To me, because you personally have enough reasons to feel uncomfortable—you cited examples of how this guy is very secretive towards his wife about his friendship with your spouse and how he calls her randomly—your wife should not trivialize your concerns and defend her friendship with him on the basis that you have female friends, too. The issue isn't that you have friends of the opposite sex and you are unfairly holding your wife to a double-standard (meaning that she cannot have male friends), the issue is that you are personally uncomfortable with the way that this guy behaves towards your wife and towards his own wife... you have good reason to question his character on those grounds, I think. Moreover, your wife needs to take a step back and seriously evaluate the situation for what is really is.
Phil, you mentioned that you have had trust issues in your relationship before and that you blamed yourself for those issues. Fine, at least you are able to recognize how you have negatively impacted your own marriage. It seems like now is the time to face the reality of your situation and that is that you and your wife have significant issues.
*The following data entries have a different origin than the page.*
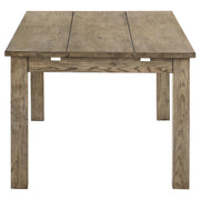 Rooted in timeless tradition, this 87-inch extension dining table is built for gathering and made to grow with life’s unfolding moments. Finished in rich vineyard oak, its broad plank top rests on sturdy legs that speak of quiet strength and lasting presence. Two 12-inch draw leaf extensions glide gracefully from each end, revealing space for more stories, more laughter, and more connection. Crafted from solid rubberwood, it’s a table meant to be lived around. Key Features: • Extension dining table with plank-style top and bold square legs • Vineyard oak finish highlights the rich grain and natural tone variation • Two 12-inch draw leaf extensions glide out from each end of the table • Expands from 62.75 to 86.5 inches without separating the table center • Crafted from solid rubberwood for enduring strength and warmth • Ideal for everyday meals, holiday feasts, and everything in between
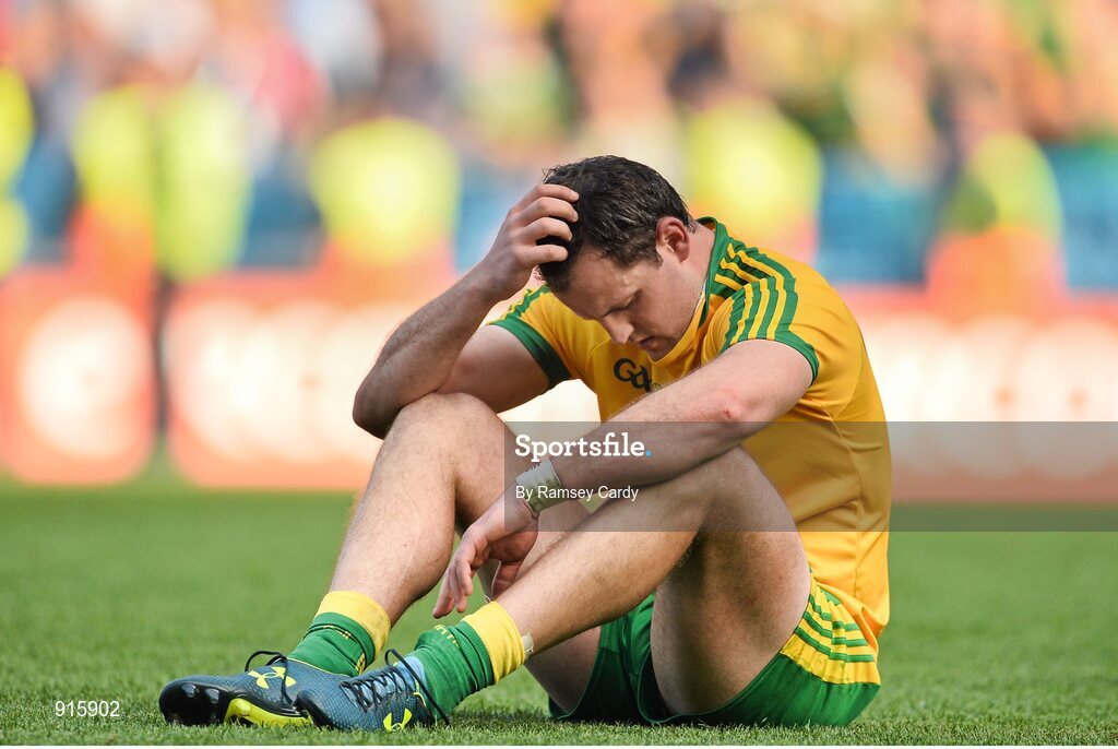 21 September 2014; Donegal's Michael Murphy dejected at the final whistle. GAA Football All Ireland Senior Championship Final, Kerry v Donegal. Croke Park, Dublin. Picture credit: Ramsey Cardy / SPORTSFILE
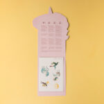 Zehn temporäre Tattoos – die Abziehbildchen einfach auf der gewünschtenStelle platzieren, befeuchten und durchweichen lassen. Das Trägerpapier sanft wegschieben und voíla!
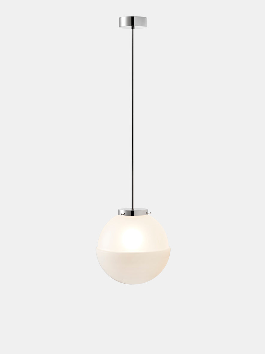 Crafted with precision, the ceiling lamp features nickel-plated metal and a half-opal, half-matt glass ball. Available in ball diameters of 25 cm or 40 cm, each lamp proudly carries the Tecnolumen/Bauhaus logo, representing its unique connection to Bauhaus heritage.
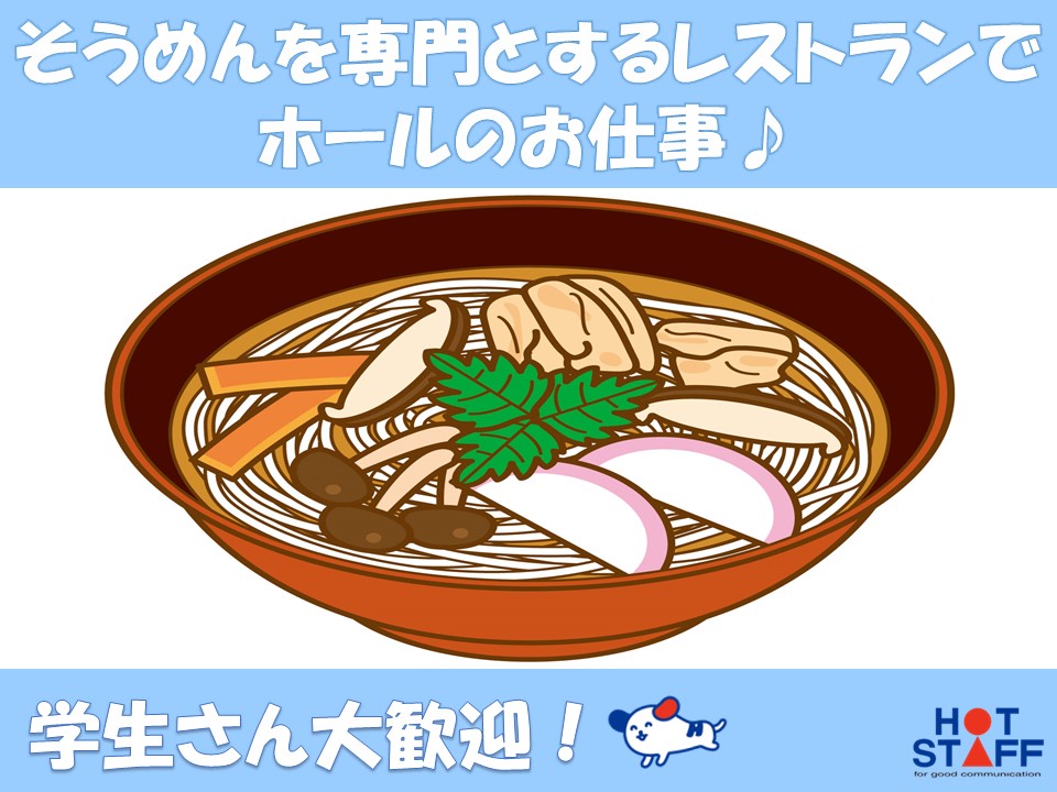 笑顔で「何名様ですか?」から始める接客業務 5月から8月末まで!三輪そうめん屋のホールレジスタッフ♪

I don't know what your trust issues are and what you have done but it seems that if you don't seek help in your marriage, things are going to get worse. I don't know whether your wife is being unfaithful with this man but when things are bad in a marriage, people begin to seek what they want outside of the marriage. From the outside looking in, the kind of relationship your wife is having with this man is the kind that can lead to problems and I'd hate for that to happen. If I were you, I'd have a serious heart to heart with your wife and attempt to work out some of your issues but perhaps the place to start is communicating to your wife that you want to work on building her trust again. If you launch into her about how inappropriate her friendship is with this man, it might have a negative effect. You have to be able to humble yourself and approach your wife in a gentle way to let her know that you want her trust and are willing to work on it; ask her to consider your feelings about this other man and how uncomfortable he makes you…she has to be willing to see how this affects you not because of the double standard issue I mentioned before but because you are concerned for a very good reason: “why would any well-intentioned man keep secrets from his own wife about his friendships and call upon the wife of another man?” Something does not add up.
I wish you all the best, Phil. I sincerely hope that these things can be worked out in your marriage…it's not an easy road for anyone, my friend; we certainly need the help of committed and good-intentioned friends. I hope this helps a little.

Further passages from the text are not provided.